A 7.50 kg bowling ball strikes a stationary 4.50 kg bowling ball. After the collision, the 4.50 kg

ball is traveling 8.50 m/s 30.0° east of north; the 7.50 kg ball is traveling 6.50 m/s 20.0° south of
east. What was the initial velocity (magnitude and direction) of the 7.50 kg ball?

North south problem

7.5 Vn = 4.5 (8.5 cos 30) -7.5(6.5 sin 20)

East west problem
7.5 Ve = 4.5(8.5 sin 30) +7.5(6.5 cos 20)

To find the initial velocity of the 7.50 kg bowling ball, we can use the principle of conservation of momentum.

The principle of conservation of momentum states that the total momentum before a collision is equal to the total momentum after the collision, assuming no external forces are acting on the system.

The momentum of an object is given by the product of its mass and velocity. The momentum of the 7.50 kg ball before the collision can be represented as:
p1 = m1 * v1

The momentum of the 4.50 kg ball before the collision is zero because it is initially stationary:
p2 = 0

After the collision, the 4.50 kg ball is traveling 8.50 m/s 30.0° east of north, and the 7.50 kg ball is traveling 6.50 m/s 20.0° south of east.

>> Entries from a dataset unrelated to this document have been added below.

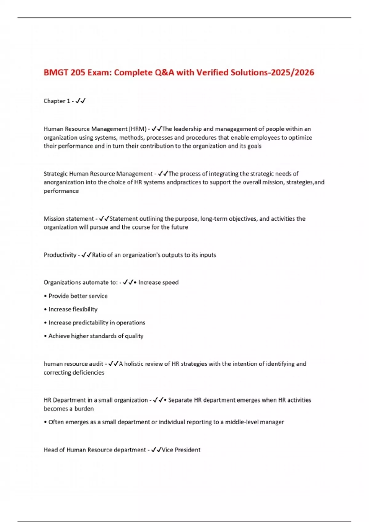 BMGT 205 Exam: Complete Q&A with Verified Solutions-2025/2026
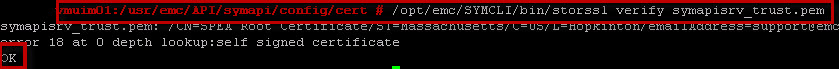 vmuim01:/usr/emc/API/symapi/config/cert # /opt/emc/SYMCLI/bin/storssl verify symapisrv_trust.pem
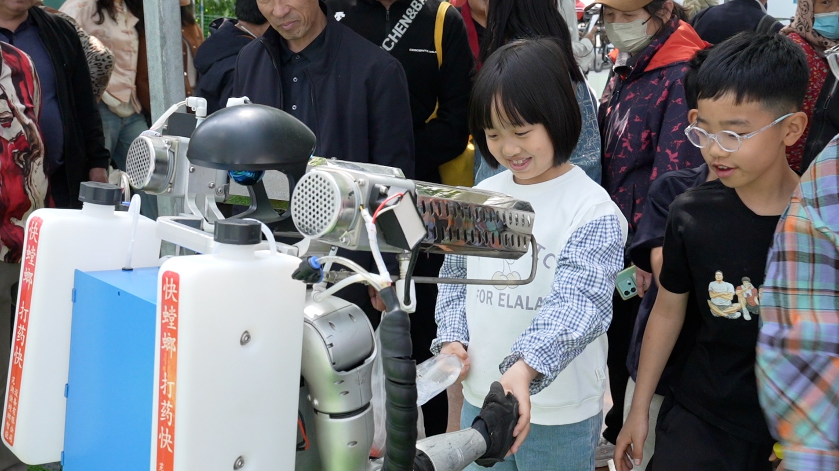 在芜湖快螳螂公司展位,一台打药机器人正灵活走动作业。华北大区销售经理胡新清告诉记者:“它采用超微雾化技术,药液利用率高,单日作业能力达百亩,还能有效减少药液飘移,减轻环境负担。”
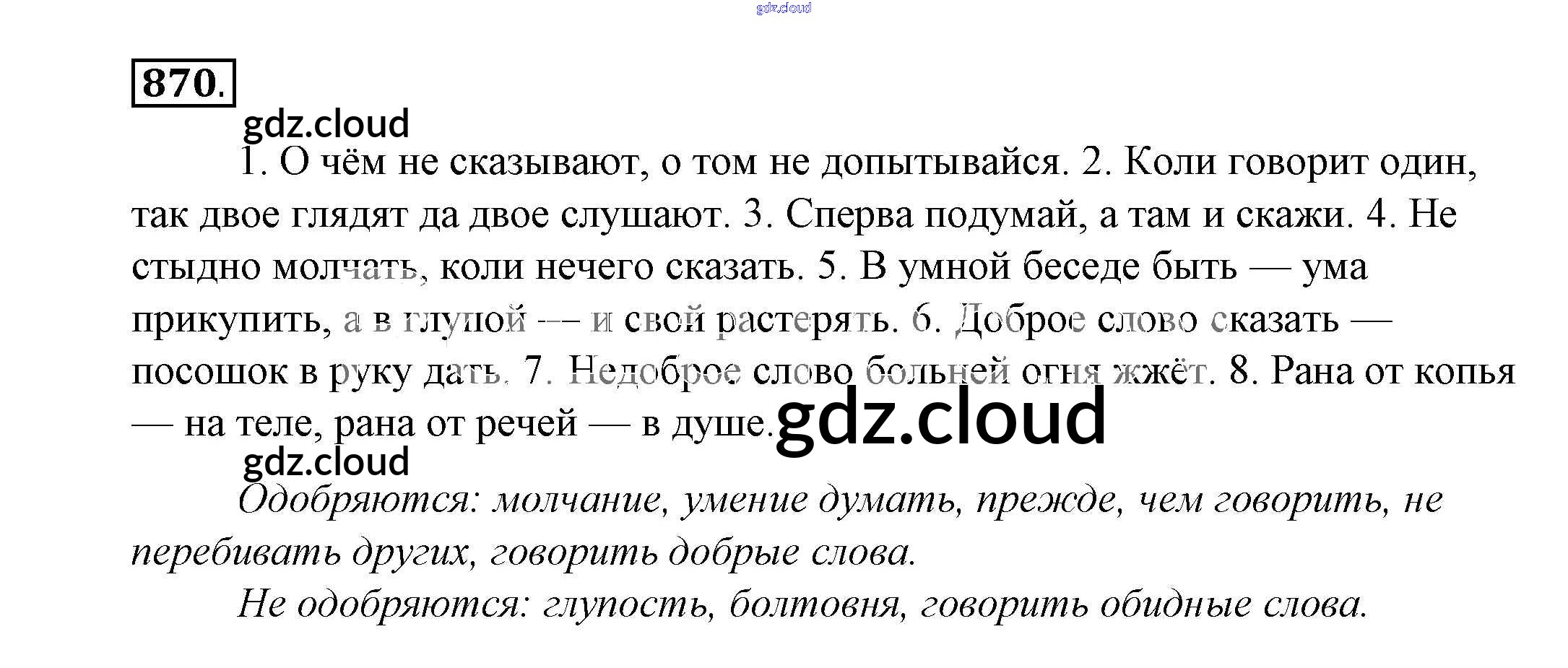 Ответ на задание 870 Учебник Русский язык за 5 (пятый) класс Купалова, Еремеева, Лидман-Орлова 2015 ФГОС онлайн и без номера телефона.
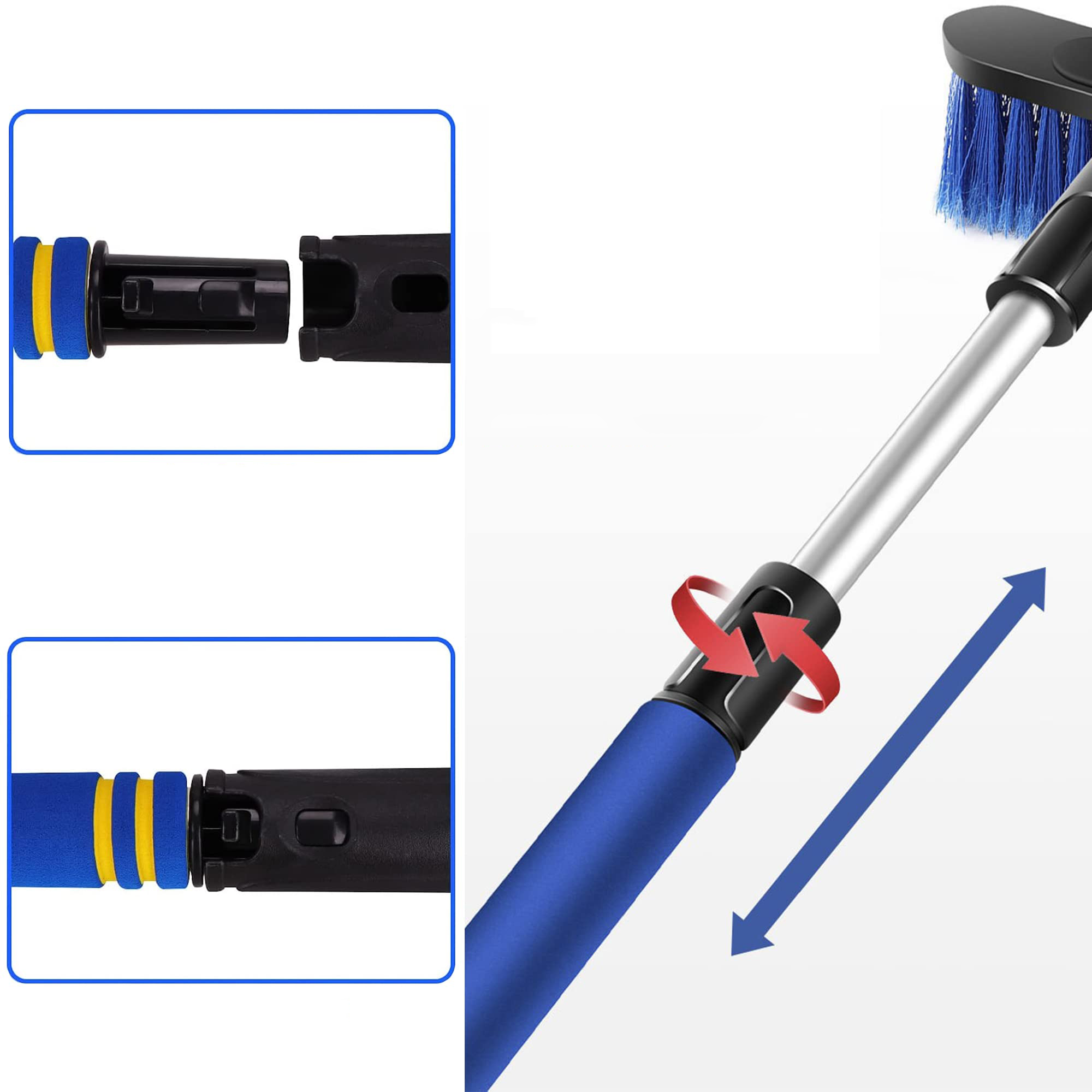 Инструмент сочетает в себе щетку, скребок и телескопическую штангу. В зависимости от ваших потребностей вы можете быстро переключаться между метлой и скребком - без необходимости тянуться к другим приспособлениям!
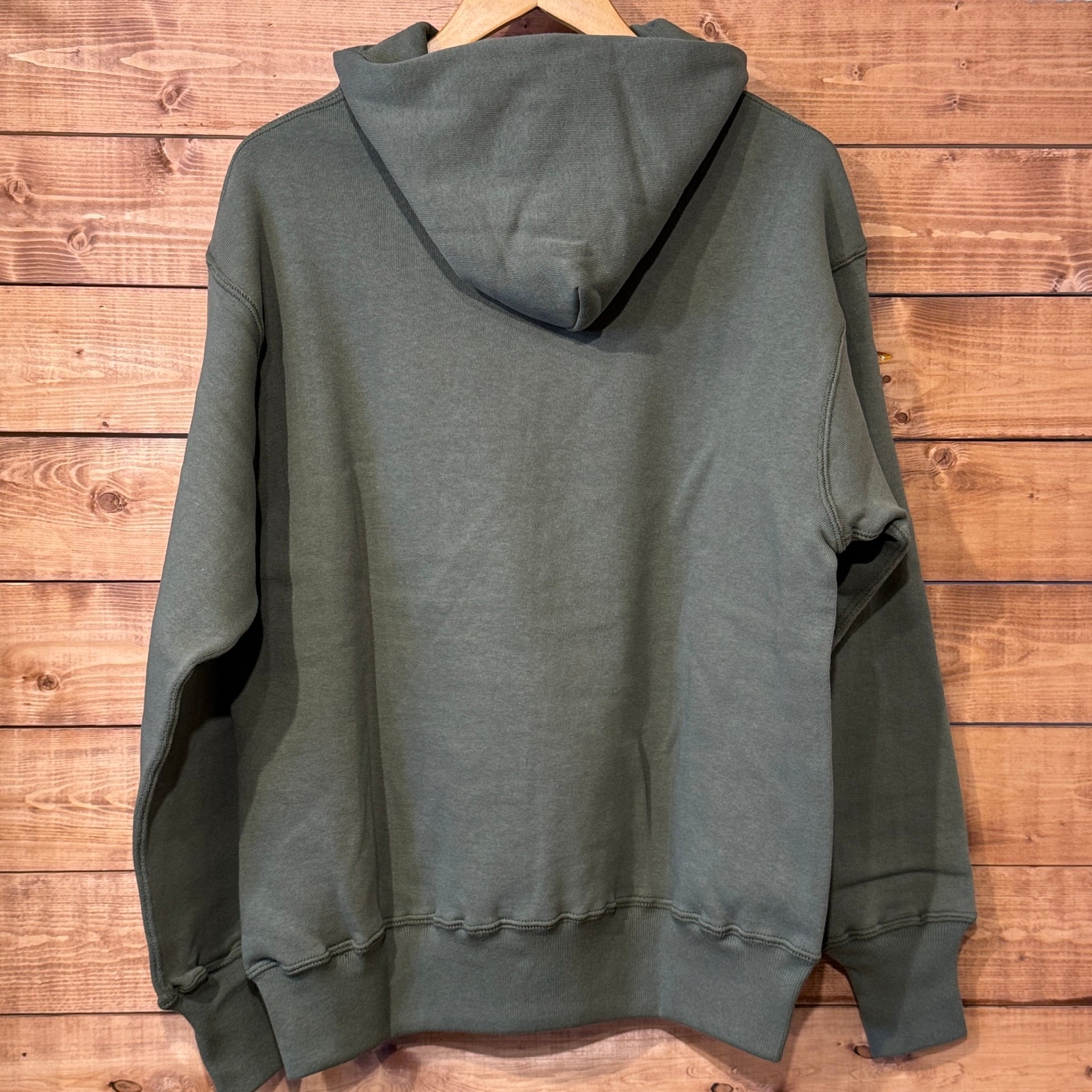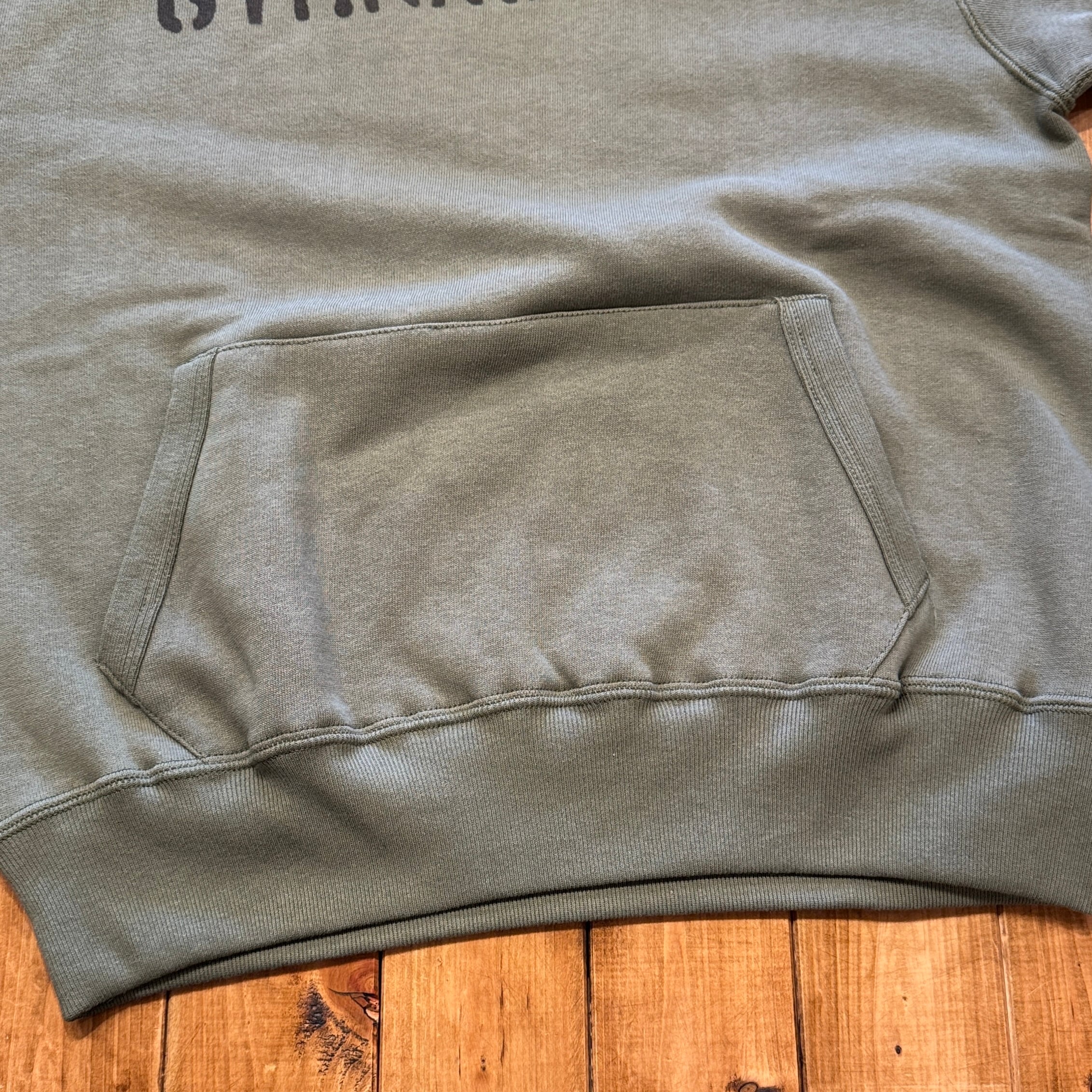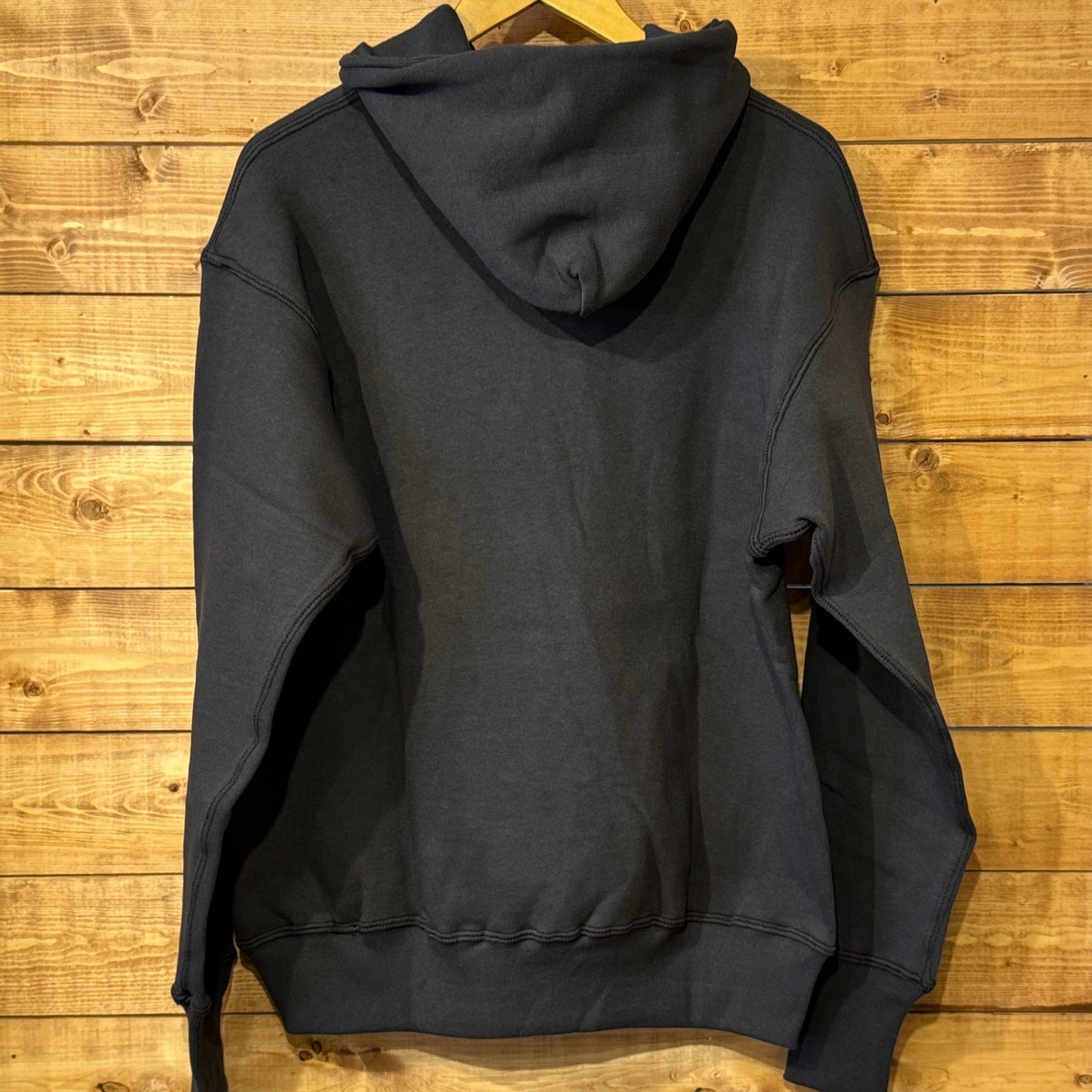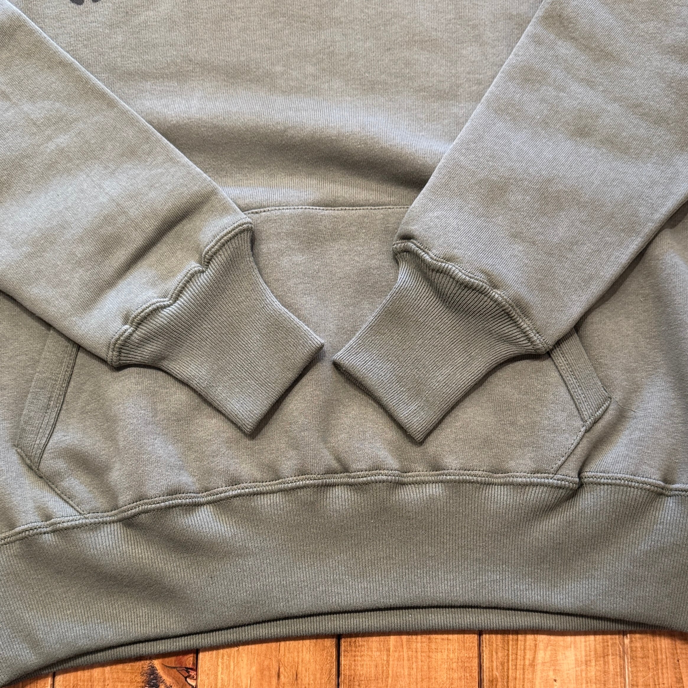 セットインスリーブの二本針タイプのフード付きモデルです。不変的な定番デザインながら、フード裏、ポケット口には特徴的なフライスリブを使用しているため、フードはさらにフィット感を高め、フロントポケットはアクセントだけでなく、補強の役割も果たしています。
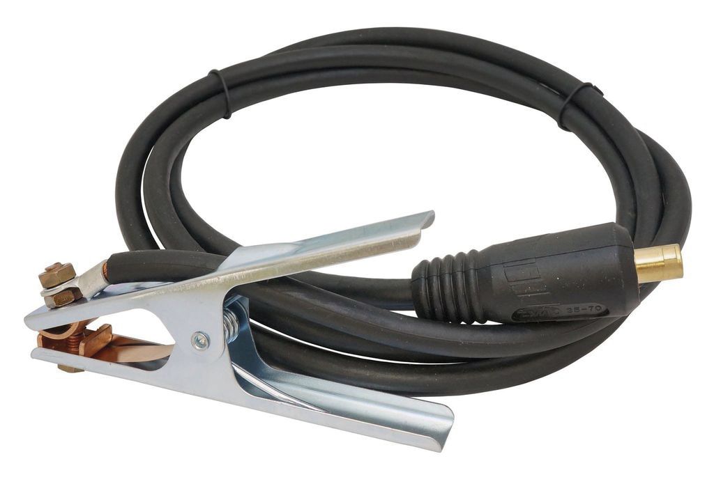 Кабель заземления 250А, 4м (25мм / ОКС 35-50) в сборе, для сварочных аппаратов работающих на токе до 250 А. Используется для соединения сварочного аппарата с землей (заземление) во время проведения сварочных работ. Кабель подключается к сварочному аппарату с помощью разъема, а к металлу — с помощью зажима. Имеет надежную фиксацию и высокую токопроводность. Для комплектации используются кабели высочайшего качества.

To simplify the calculation, we can break down the velocities into their horizontal and vertical components.

Component of the 4.50 kg ball's velocity in the vertical direction:
v2y = 8.50 m/s * sin(30.0°)

Component of the 7.50 kg ball's velocity in the horizontal direction:
v1x = 6.50 m/s * cos(20.0°)

Component of the 7.50 kg ball's velocity in the vertical direction:
v1y = -6.50 m/s * sin(20.0°)

To find the magnitude and direction of the initial velocity of the 7.50 kg ball, we can use the Pythagorean theorem and trigonometry.

Magnitude of the initial velocity:
v1 = √(v1x^2 + v1y^2)

Direction of the initial velocity:
θ = arctan(v1y / v1x)

By plugging in the values and solving for v1 and θ, we can find the initial velocity of the 7.50 kg ball.